ACTIVITY:
Copy every entry verbatim and skip the pictures.

Stored items from a collection:
####
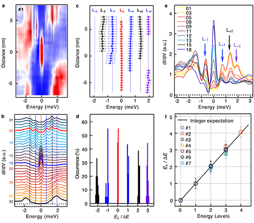 自2018年7月开始,丁洪和高鸿钧进一步紧密合作,共同指导博士研究生孔令元、朱诗雨和博士陈辉等在前期工作的基础上对FeTe0.55Se0.45超导涡旋中的束缚态进行了更加全面系统的研究。他们在高鸿钧研究组的居国际顶尖水平的极低温强磁场扫描隧道显微镜(STM)联合系统上开展实验研究工作,通过扫描隧道谱实验发现有两类超导涡旋共存于样品表面。马约拉纳零能模存在于拓扑涡旋中,同时伴有整数量子化能级序列的涡旋束缚态(En=nΔ2/EF, n=0, ±1, ±2, … 其中n=0 是马约拉纳零能模)(图1)。与之相对应,在另一类平庸涡旋中没有马约拉纳零能模,且其涡旋束缚态能级序列呈现半整数行为(En=nΔ2/EF, n= ±1/2, ±3/2, ±5/2, … )(图2)。实验团队对这两类涡旋分别实现了35次和26次重复观测,涡旋束缚态的统计分布表现出鲜明的整数或半整数量子化特征。涡旋束缚态在两类超导涡旋之间的半整数能级嬗移与马约拉纳零能模的出现紧密相连,反映了马约拉纳零能模的拓扑本质。麻省理工学院教授Liang Fu、博士研究生Michal Papaj 通过理论模拟发现,两类超导涡旋之间的半整数能级嬗移可以被拓扑表面态的不均匀分布所解释。实验团队随后测量了选定涡旋晶格区域中束缚态的集体行为,发现同一类涡旋总是成群出现,支持了狄拉克表面态不均匀分布的理论预期。由于Fe(Te,Se)自旋轨道耦合能隙较小(~20 meV)并且具有掺杂导致的本征不均匀性,强拓扑绝缘体态可能在部分区域被破坏,使得这些区域的(001)表面上拓扑表面态缺失,拓扑表面态移动到材料内部,因此STM观测的超导涡旋呈现半整数能级序列的平庸行为。与之相反,在拓扑表面态保持完好的区域上,由于狄拉克表面态的参与,拓扑涡旋中涡旋束缚态呈现整数能级序列的拓扑行为,这时马约拉纳零能模就是整数能级序列中的第0级束缚态(图4)。实验团队还在拓扑涡旋中观测到了狄拉克表面态诱导涡旋束缚态所独有的能级序列空间分布特征,强烈地支持了马约拉纳零能模来源于狄拉克表面态超导准粒子的结论(图3)。研究团队还进一步发现,存在一部分拓扑涡旋不满足整数量子化特征:马约拉纳零能模看起来十分孤立,其余高能束缚态聚集在超导能隙附近。理论模拟显示,在拓扑涡旋中当化学势十分接近狄拉克点时,量子限域效应破坏了涡旋束缚态的等距分布。与此同时,马约拉纳零能模被很大的准粒子能隙强烈保护,有利于减小准粒子中毒效应的影响。理论进一步预言,当费米能级恰好位于拓扑表面态的狄拉克点时,其他高能束缚态将会被全部压缩到超导能隙边缘,马约拉纳零能模是超导能隙内唯一允许的涡旋束缚态。这时马约拉纳零能模处在最佳状态。这个结论暗示,未来发展电场效应可调控的超导涡旋系统对实现拓扑量子计算具有十分重要的意义。
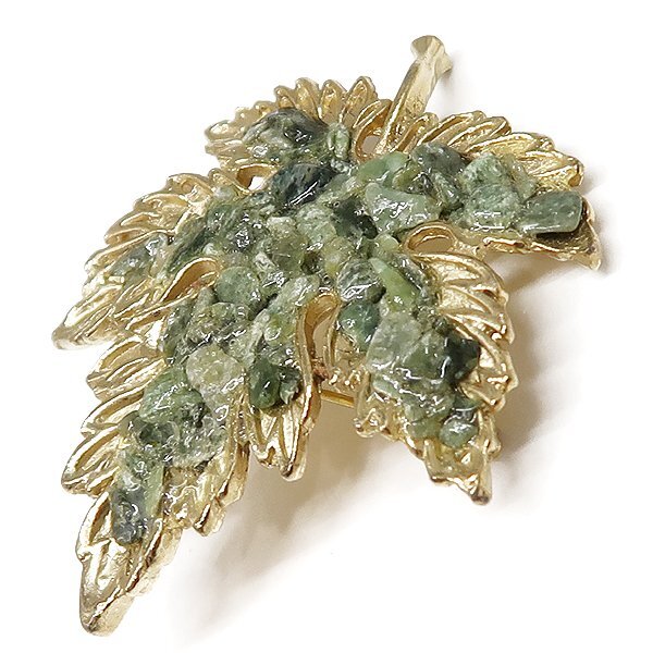商品状態 ヴィンテージ 天然石 リーフブローチ
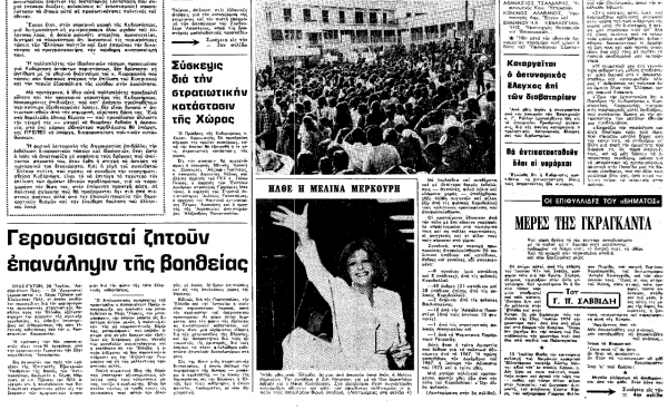 Δεν ξέρω ποια δοκιμασία ήταν η πιο δυσβάσταχτη: τα εφτά χρόνια από την 21η Απριλίου 1967 ή οι εφτά μήνες από την 25η Νοεμβρίου 1973 (σ.σ. τότε καταλύθηκε, κατόπιν αιφνιδιαστικής επεμβάσεως των Ενόπλων Δυνάμεων, το καθεστώς του Γεωργίου Παπαδόπουλου και καταργήθηκε η βραχύβια κυβέρνηση του Σπύρου Μαρκεζίνη); Εκείνο που ξέρω είναι πως η επτάωρη εκτόνωση του συσσωρευμένου άγχους και φόβου, της απανωτής ταπείνωσης και οργής, από το βραδάκι της 23ης Ιουλίου ως τις πρώτες ώρες της 24ης έδειξε θαυμαστή την πολιτική ωριμότητα του λαού.
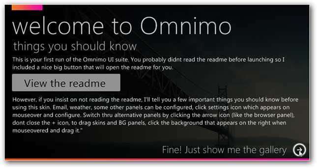 Når det nye temaet åpnes første gang, blir du bedt om å lese readme, eller bare gå til galleriet.
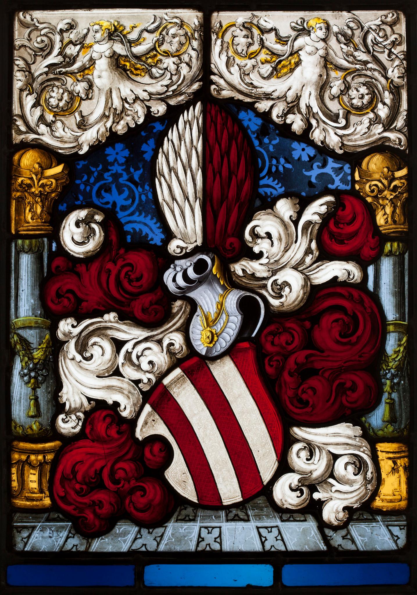 Das Wappen ist dasjenige der Freiburger Adelsfamilie de Vuippens (von Wippingen). Aufgrund der fehlenden Stifterinschrift lässt sich nicht sagen, welches Mitglied dieser Familie die Scheibe in Auftrag gegeben hat.
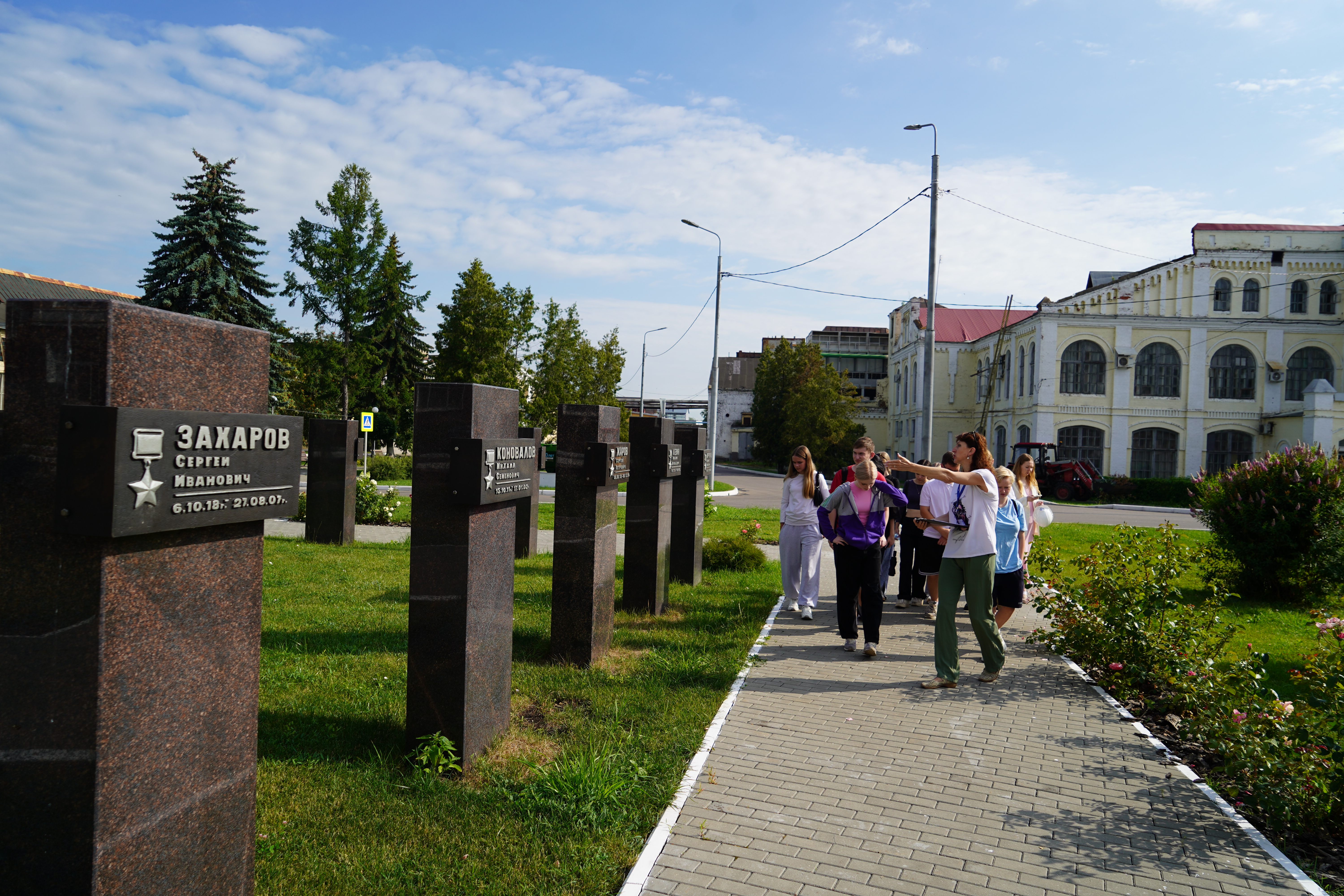 Сегодня для детей работников завода, работающих в летнем трудовом лагере на нашем предприятии, была организована экскурсия. Мы решили рассказать не только об истории и деятельности нашего завода, но и показать мемориальные места, связанные с боевыми и трудовыми подвигами заводчан.
####
REPLY:
 自2018年7月开始,丁洪和高鸿钧进一步紧密合作,共同指导博士研究生孔令元、朱诗雨和博士陈辉等在前期工作的基础上对FeTe0.55Se0.45超导涡旋中的束缚态进行了更加全面系统的研究。他们在高鸿钧研究组的居国际顶尖水平的极低温强磁场扫描隧道显微镜(STM)联合系统上开展实验研究工作,通过扫描隧道谱实验发现有两类超导涡旋共存于样品表面。马约拉纳零能模存在于拓扑涡旋中,同时伴有整数量子化能级序列的涡旋束缚态(En=nΔ2/EF, n=0, ±1, ±2, … 其中n=0 是马约拉纳零能模)(图1)。与之相对应,在另一类平庸涡旋中没有马约拉纳零能模,且其涡旋束缚态能级序列呈现半整数行为(En=nΔ2/EF, n= ±1/2, ±3/2, ±5/2, … )(图2)。实验团队对这两类涡旋分别实现了35次和26次重复观测,涡旋束缚态的统计分布表现出鲜明的整数或半整数量子化特征。涡旋束缚态在两类超导涡旋之间的半整数能级嬗移与马约拉纳零能模的出现紧密相连,反映了马约拉纳零能模的拓扑本质。麻省理工学院教授Liang Fu、博士研究生Michal Papaj 通过理论模拟发现,两类超导涡旋之间的半整数能级嬗移可以被拓扑表面态的不均匀分布所解释。实验团队随后测量了选定涡旋晶格区域中束缚态的集体行为,发现同一类涡旋总是成群出现,支持了狄拉克表面态不均匀分布的理论预期。由于Fe(Te,Se)自旋轨道耦合能隙较小(~20 meV)并且具有掺杂导致的本征不均匀性,强拓扑绝缘体态可能在部分区域被破坏,使得这些区域的(001)表面上拓扑表面态缺失,拓扑表面态移动到材料内部,因此STM观测的超导涡旋呈现半整数能级序列的平庸行为。与之相反,在拓扑表面态保持完好的区域上,由于狄拉克表面态的参与,拓扑涡旋中涡旋束缚态呈现整数能级序列的拓扑行为,这时马约拉纳零能模就是整数能级序列中的第0级束缚态(图4)。实验团队还在拓扑涡旋中观测到了狄拉克表面态诱导涡旋束缚态所独有的能级序列空间分布特征,强烈地支持了马约拉纳零能模来源于狄拉克表面态超导准粒子的结论(图3)。研究团队还进一步发现,存在一部分拓扑涡旋不满足整数量子化特征:马约拉纳零能模看起来十分孤立,其余高能束缚态聚集在超导能隙附近。理论模拟显示,在拓扑涡旋中当化学势十分接近狄拉克点时,量子限域效应破坏了涡旋束缚态的等距分布。与此同时,马约拉纳零能模被很大的准粒子能隙强烈保护,有利于减小准粒子中毒效应的影响。理论进一步预言,当费米能级恰好位于拓扑表面态的狄拉克点时,其他高能束缚态将会被全部压缩到超导能隙边缘,马约拉纳零能模是超导能隙内唯一允许的涡旋束缚态。这时马约拉纳零能模处在最佳状态。这个结论暗示,未来发展电场效应可调控的超导涡旋系统对实现拓扑量子计算具有十分重要的意义。
商品状態 ヴィンテージ 天然石 リーフブローチ
 Δεν ξέρω ποια δοκιμασία ήταν η πιο δυσβάσταχτη: τα εφτά χρόνια από την 21η Απριλίου 1967 ή οι εφτά μήνες από την 25η Νοεμβρίου 1973 (σ.σ. τότε καταλύθηκε, κατόπιν αιφνιδιαστικής επεμβάσεως των Ενόπλων Δυνάμεων, το καθεστώς του Γεωργίου Παπαδόπουλου και καταργήθηκε η βραχύβια κυβέρνηση του Σπύρου Μαρκεζίνη); Εκείνο που ξέρω είναι πως η επτάωρη εκτόνωση του συσσωρευμένου άγχους και φόβου, της απανωτής ταπείνωσης και οργής, από το βραδάκι της 23ης Ιουλίου ως τις πρώτες ώρες της 24ης έδειξε θαυμαστή την πολιτική ωριμότητα του λαού.
 Når det nye temaet åpnes første gang, blir du bedt om å lese readme, eller bare gå til galleriet.
 Das Wappen ist dasjenige der Freiburger Adelsfamilie de Vuippens (von Wippingen). Aufgrund der fehlenden Stifterinschrift lässt sich nicht sagen, welches Mitglied dieser Familie die Scheibe in Auftrag gegeben hat.
 Сегодня для детей работников завода, работающих в летнем трудовом лагере на нашем предприятии, была организована экскурсия. Мы решили рассказать не только об истории и деятельности нашего завода, но и показать мемориальные места, связанные с боевыми и трудовыми подвигами заводчан.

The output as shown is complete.